L'anticléricalisme et l'Inquisition
Le
XVIIIe siècle est celui des Lumières, dont la philosophie se définit comme se
démarquant de l'obscurantisme passé : la religion naturelle s'oppose au dogme
traditionnel. L'idée de chercher la vérité à travers le libre exercice de la raison
éclairée par le débat, portée par la noble ambition de former des hommes «
libres et de bonnes mœurs », est alors opposée au dogmatisme que symbolise
l'Inquisition.
L'incursion
de l'Inquisition dans le domaine du débat scientifique avec le procès de Galilée
(1633) fut à l'origine de la réaction de Descartes et de sa philosophie
mécaniste. La confusion entre vérités de foi et recherche d'un fondement
scientifique posa un problème de méthode, qui reste actuel. La revendication
d'une certaine autonomie par Galilée est à l'origine du principe d'autonomie de
la science, qui s'oppose aux méthodes jugées arbitraires de l'Inquisition. Ce
programme passe des loges anglaises, largement en symbiose avec l'Église
d'Angleterre, et essaime en France, dans une élite intellectuelle qui commence
à être déchristianisée. Les francs-maçons, qui étaient alors devenus des
ennemis farouches de l'Église catholique et de l'Inquisition, surtout après
leur première condamnation par le Pape en 1738, ont utilisé les descriptions les
plus négatives de l'Inquisition pour illustrer les débats sur l'obscurantisme
et la liberté.
L'Inquisition
devient alors un thème récurrent du discours anticlérical. Voltaire la prend
pour cible constante. Diderot et d'Alembert la prennent également pour cible
dans leur Encyclopédie : dans le Discours préliminaire de l'Encyclopédie,
d'Alembert la critique sévèrement, sans la nommer, pour la condamnation de
Galilée. Le thème de cette nouvelle image n'est plus seulement la violence,
mais la raison. L'Inquisition devient le symbole de l'obscurantisme,
l'instrument par lequel l'Église impose un dogme par la violence.
Victor
Hugo, 1883.
Au
XIXe siècle, le thème des lumières continue à vivre dans le discours
anticlérical, et est de plus relayé par la vision que le romantisme a donné du
Moyen Âge, dont l'image est reconstruite à cette époque (voir par exemple dans
un autre registre le cas de Viollet le Duc). Ainsi, Jules Michelet publie en
1841 le Procès des Templiers, en 1862 La Sorcière ; Victor Hugo publie en 1882 un drame en
quatre actes intitulé « Torquemada », et relate, dans Notre Dame de Paris, le
sort d'Esméralda.

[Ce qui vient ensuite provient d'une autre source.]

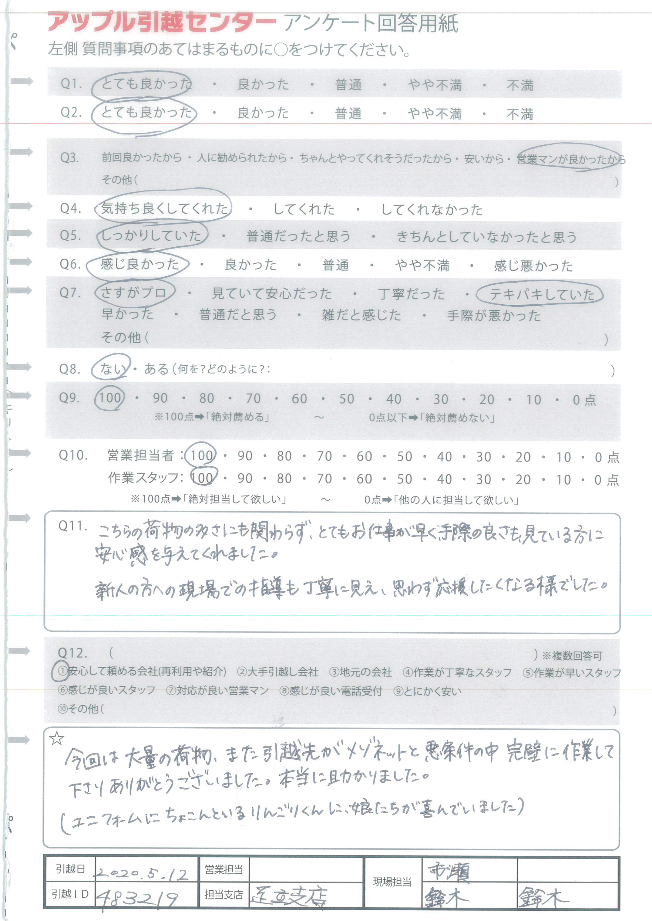 アップル引越センターでは、面映いお褒めの言葉も、胸に突き刺さるお叱りのコメントも、

Quelques années plus tôt, en 1867, le Don Carlos de Verdi,
d'après Friedrich von Schiller, avait diffusé dans le public une image à la
fois négative et emblématique avec le personnage du « Grande Inquisitore, cieco
e nonagenario » (le « Grand Inquisiteur, aveugle et nonagénaire »). Ce genre de
thème littéraire (se présentant parfois comme des œuvres historiques, voir
Histoire de l'Inquisition en France) entretient et développe l'image d'une
Inquisition menée par des ecclésiastiques rigides et pervers ayant opprimé les
populations de la même manière barbare à toutes les époques. Cette vision est
également propagée par l'école publique rendue publique, laïque et obligatoire
par les lois Jules Ferry.
Dans
l'épopée des Pardaillan, un des succès de la littérature d'aventure du début du
XXe siècle, l'Inquisition espagnole apparaît non seulement comme une
juridiction spéciale, mais encore comme une organisation occulte autonome, plus puissante que le
pape et disposant de son propre service de renseignement.
Au
XXe siècle, l'Inquisition passe dans le vocabulaire courant, devenant un mot
commun pour désigner un certain genre de persécution, hystérique, souvent
collective et toujours spectaculaire. Le genre littéraire toujours actif se
prolonge dans la bande dessinée, les jeux vidéo, faisant plus souvent référence
aux stéréotypes de la légende noire de l'Inquisition que prétendant refléter
une réalité plus nuancée sur la base des recherches historiques
contemporaines1.
À
la fin du XXe siècle, deux œuvres occupent une place à part. Dans son roman Le
Nom de la rose (1980), Umberto Eco choisit pour personnage principal un ancien
inquisiteur, Guillaume de Baskerville, qui fait office de détective élucidant
une série de meurtres. Un an plus tard, dans son film La Folle Histoire du
monde (1981), Mel Brooks se met lui-même en scène dans un sketch parodique qui
représente l'inquisition sous la forme d'une comédie musicale.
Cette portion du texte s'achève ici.